## WHAT YOU WILL DO:
Restate exactly the lines that run from the start of the records below to the line containing "Este pantalón palazzo", counting both ends, and nothing else; pictures stay out.

## Data excerpts:
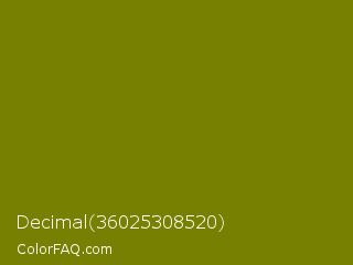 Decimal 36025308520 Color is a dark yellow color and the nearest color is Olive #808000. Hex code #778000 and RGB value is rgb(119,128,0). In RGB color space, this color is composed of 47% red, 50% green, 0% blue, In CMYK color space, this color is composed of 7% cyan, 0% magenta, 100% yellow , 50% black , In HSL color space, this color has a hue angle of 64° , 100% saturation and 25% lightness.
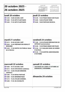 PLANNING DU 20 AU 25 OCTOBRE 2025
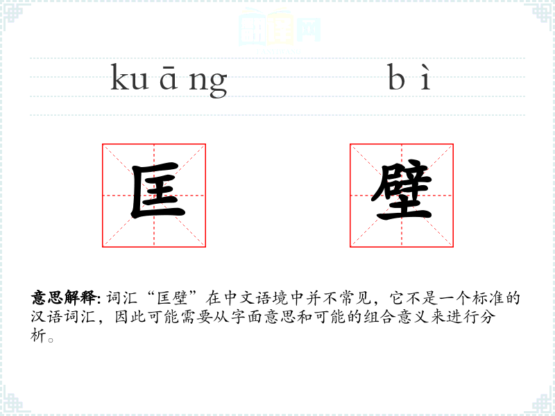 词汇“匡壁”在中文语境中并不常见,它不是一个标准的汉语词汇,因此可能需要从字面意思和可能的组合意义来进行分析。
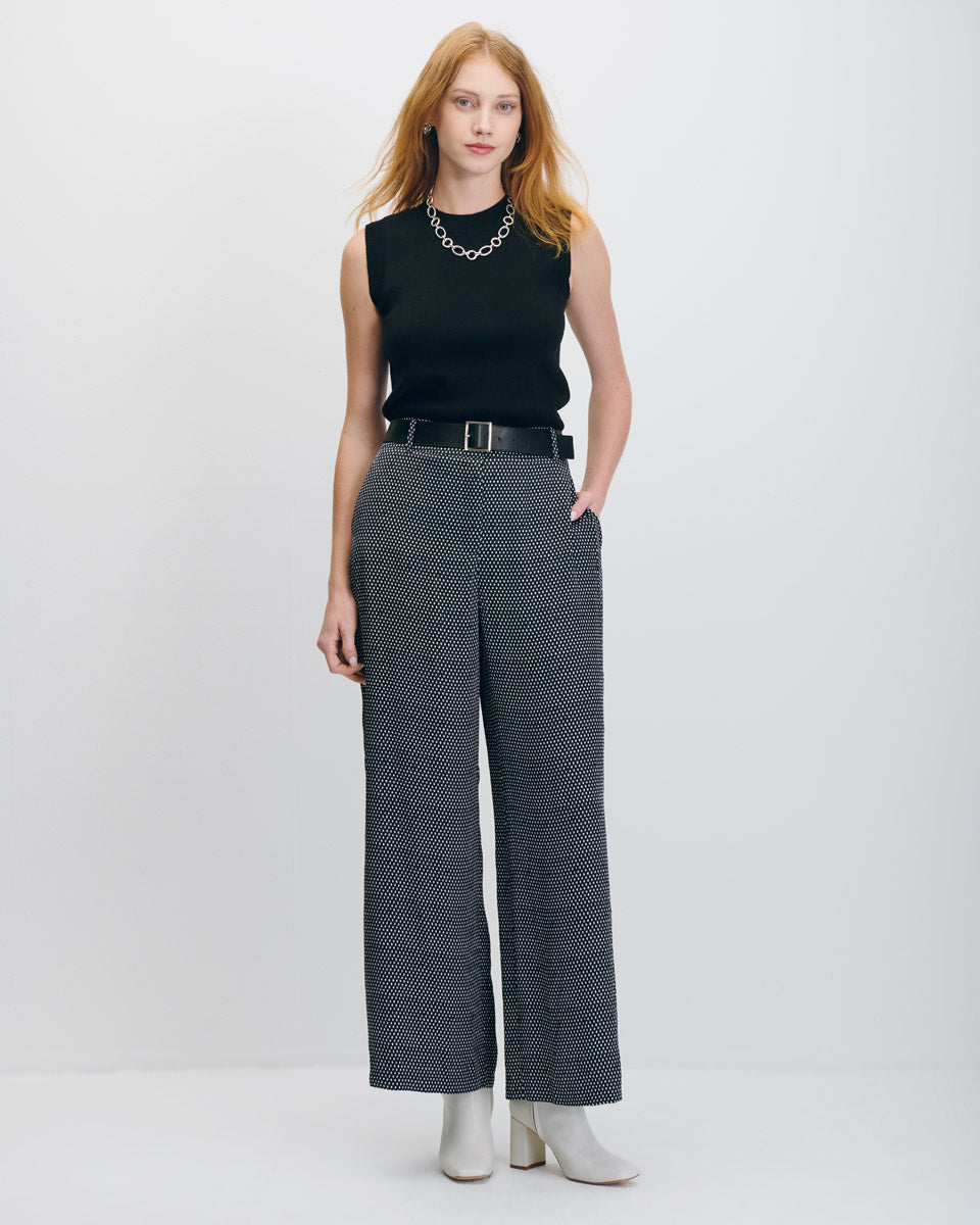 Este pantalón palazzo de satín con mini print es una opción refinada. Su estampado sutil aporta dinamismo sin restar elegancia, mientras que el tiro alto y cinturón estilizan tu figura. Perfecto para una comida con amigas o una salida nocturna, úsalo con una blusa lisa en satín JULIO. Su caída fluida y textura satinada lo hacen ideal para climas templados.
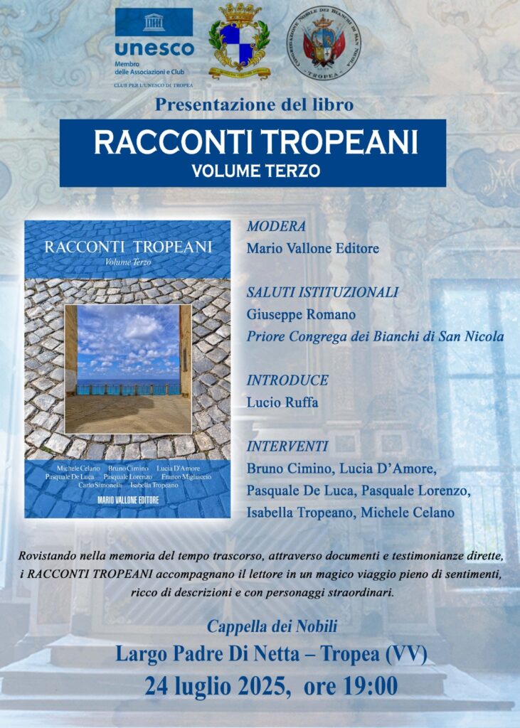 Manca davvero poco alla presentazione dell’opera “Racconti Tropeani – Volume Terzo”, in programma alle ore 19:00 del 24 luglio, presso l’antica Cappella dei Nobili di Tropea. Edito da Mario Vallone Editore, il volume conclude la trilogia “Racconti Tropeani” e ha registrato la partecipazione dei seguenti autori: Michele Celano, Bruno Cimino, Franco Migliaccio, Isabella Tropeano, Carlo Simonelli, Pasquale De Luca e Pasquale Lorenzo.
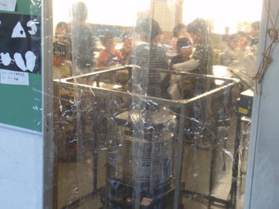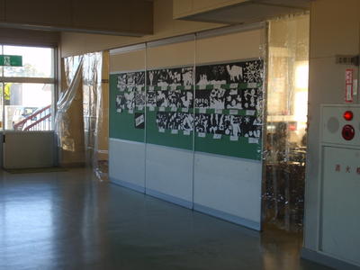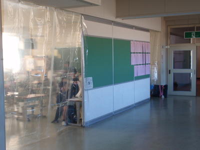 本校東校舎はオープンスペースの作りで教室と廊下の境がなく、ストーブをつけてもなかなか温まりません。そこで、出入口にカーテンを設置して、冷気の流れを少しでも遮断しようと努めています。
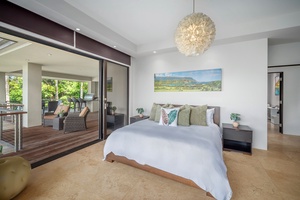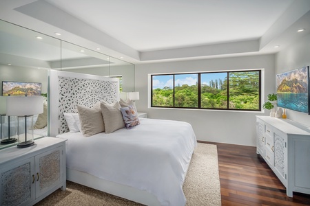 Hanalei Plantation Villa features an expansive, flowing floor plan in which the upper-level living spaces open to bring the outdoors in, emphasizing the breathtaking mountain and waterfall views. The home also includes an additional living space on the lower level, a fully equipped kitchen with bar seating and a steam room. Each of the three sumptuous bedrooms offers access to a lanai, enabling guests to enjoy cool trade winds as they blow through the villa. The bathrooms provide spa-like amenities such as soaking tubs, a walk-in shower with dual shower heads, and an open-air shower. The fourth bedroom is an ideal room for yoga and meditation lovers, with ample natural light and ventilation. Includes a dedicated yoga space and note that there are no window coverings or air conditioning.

## ANSWER AREA:
 Decimal 36025308520 Color is a dark yellow color and the nearest color is Olive #808000. Hex code #778000 and RGB value is rgb(119,128,0). In RGB color space, this color is composed of 47% red, 50% green, 0% blue, In CMYK color space, this color is composed of 7% cyan, 0% magenta, 100% yellow , 50% black , In HSL color space, this color has a hue angle of 64° , 100% saturation and 25% lightness.
 PLANNING DU 20 AU 25 OCTOBRE 2025
 词汇“匡壁”在中文语境中并不常见,它不是一个标准的汉语词汇,因此可能需要从字面意思和可能的组合意义来进行分析。
 Este pantalón palazzo de satín con mini print es una opción refinada. Su estampado sutil aporta dinamismo sin restar elegancia, mientras que el tiro alto y cinturón estilizan tu figura. Perfecto para una comida con amigas o una salida nocturna, úsalo con una blusa lisa en satín JULIO. Su caída fluida y textura satinada lo hacen ideal para climas templados.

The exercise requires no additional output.